HYPOTHESIS 2: API response caching with long TTL

  Evidence FOR:
  [INFERRED]  API middleware includes caching layer

  Evidence AGAINST:
  [CONFIRMED] curl -I shows Cache-Control: no-cache on dashboard endpoint
  [CONFIRMED] Two sequential API calls return identical data (but this is because
              the materialized view hasn't changed, not because of HTTP caching)

  Verdict: CONTRADICTED — confirmed evidence shows no HTTP caching
  Confidence: N/A (eliminated)

Decision Rules

| Scenario | Action | |----------|--------| | One hypothesis has CONFIRMED evidence, others contradicted | Present as root cause with HIGH confidence | | Multiple hypotheses have CONFIRMED evidence | Investigate interaction — may be multiple contributing factors | | Only INFERRED evidence for all hypotheses | STOP — run additional verification.
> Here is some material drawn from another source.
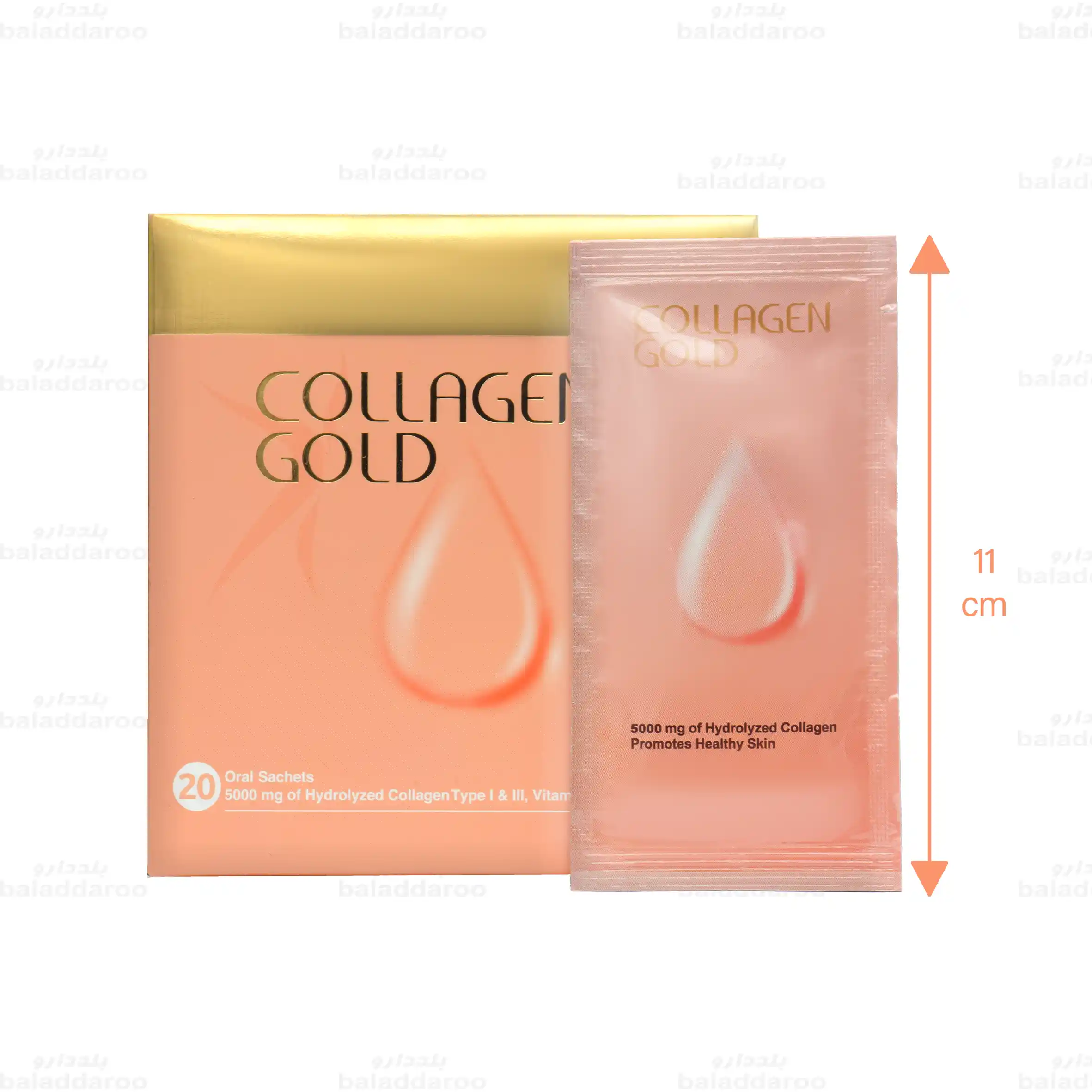 پودر کلاژن گلد حاوی 5000 میلی گرم کلاژن هیدرولیز شده از نوع 1 و 3، هیالورونیک اسید و ویتامین سی است که به افزایش سنتز کلاژن، تامین کلاژن و آبرسانی پوست کمک می کند. همچنین اثر ضد پیری دارد.

Cannot conclude without CONFIRMED evidence | | All hypotheses contradicted | Form new hypotheses based on what you learned — see "Escalation" below | | Evidence is contradictory | Contradictions are gold — investigate the contradiction itself, it often IS the bug |

Escalation: When All Hypotheses Fail

If all hypotheses are contradicted or evidence is inconclusive, widen the investigation:

Check recent changes. Run git log --oneline --since="2 weeks ago" -- <relevant paths> to see what changed recently in the affected area. A hypothesis of "something changed recently that broke this" is always worth testing.
Check adjacent systems. The bug may not be in the component you investigated — it may be in something that feeds into it (an upstream service, a database trigger, a middleware, a build step).
Check infrastructure. Environment variables, deployment config, DNS, SSL, permissions — the "it works on my machine" class of bugs.
Reproduce and observe. If the project supports it, use Playwright or manual reproduction to observe the actual behavior step-by-step. Sometimes watching the bug happen reveals the cause.
Ask the user. If you've exhausted technical investigation, present what you've eliminated and ask the user for additional context. "I've ruled out X, Y, and Z. Can you tell me more about when this started or what changed?"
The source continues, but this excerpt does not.